Unless it involves dams breaking, one doesn't expect something like a full-size lake to simply disappear. However, the Antarctic ice cap isn't a normal place by everyday standards. Though the popular image of the region is one of unending snow and ice, lakes filled with meltwater form on the surface during the Antarctic summer.
According to the team, the lake in question was formed by decades of meltwater accumulating under a layer of ice that developed on the lake's surface in the winter darkness. It then underwent a process called hydrofracturing. That is, the weight of the growing body of water pressed down on the ice, causing it to fracture and allowing the water to quickly drain away into the ocean below. The surface ice layer then collapsed into the empty crater, known as an ice "doline", or sinkhole.
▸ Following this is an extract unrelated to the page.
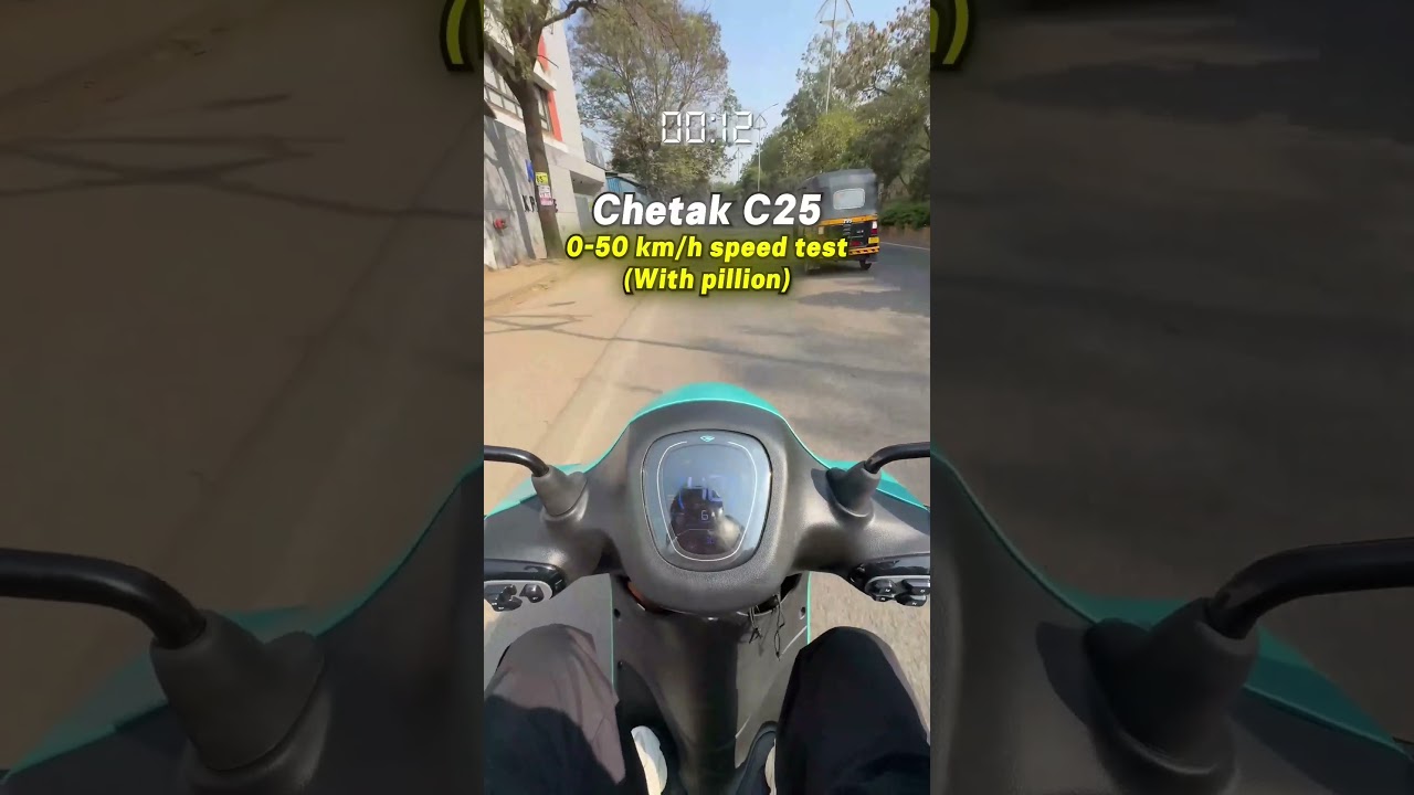 Load condition includes rider plus pillion. Time taken for 0 to 50 kmph is 19 seconds. @chetak_official #electricvehicles #evindia #indiaev #bajajchetak #c25 #speedtest

Such an event is rare, but not unheard of. However, this one is unusual not only because of the size of the lake but also because such water draining through ice as thick as 4,590 feet (1,400 m) is uncommon.
The event was observed by images from NASA's Landsat 8 and ICESat-2 satellites. The latter's green-light laser instrument transmits photon pulses and records the reflection point of each photon it receives back from Earth. This data allowed the team to calculate how far the ice layer collapsed and how the floating ice shelf rose by up to 118 ft (36 m) as the weight of the lake was removed.
In addition, the rising area created another lake, which drained directly into the crater at a rate of a million cubic meters (35.3 million cu ft) per day.
As well as being a curiosity, the vanishing lake also sheds light on the danger of widespread hydrofracturing resulting from a warming climate, which could cause ice shelves to collapse, releasing more meltwater to add to rising sea levels. The data gathered from the event could provide a better understanding of the frequency and evolution of deep lakes on the ice.
"It is exciting to see ICESat-2 show us details of processes that are occurring on the ice sheet at such fine spatial scale," says Helen Amanda Fricker, a glaciologist at Scripps Institution of Oceanography. "Since surface meltwater on ice shelves can cause their collapse which ultimately leads to sea-level rise when grounded ice is no longer held back, it’s important to understand the processes that weaken ice shelves."
The research was published in Geophysical Research Letters.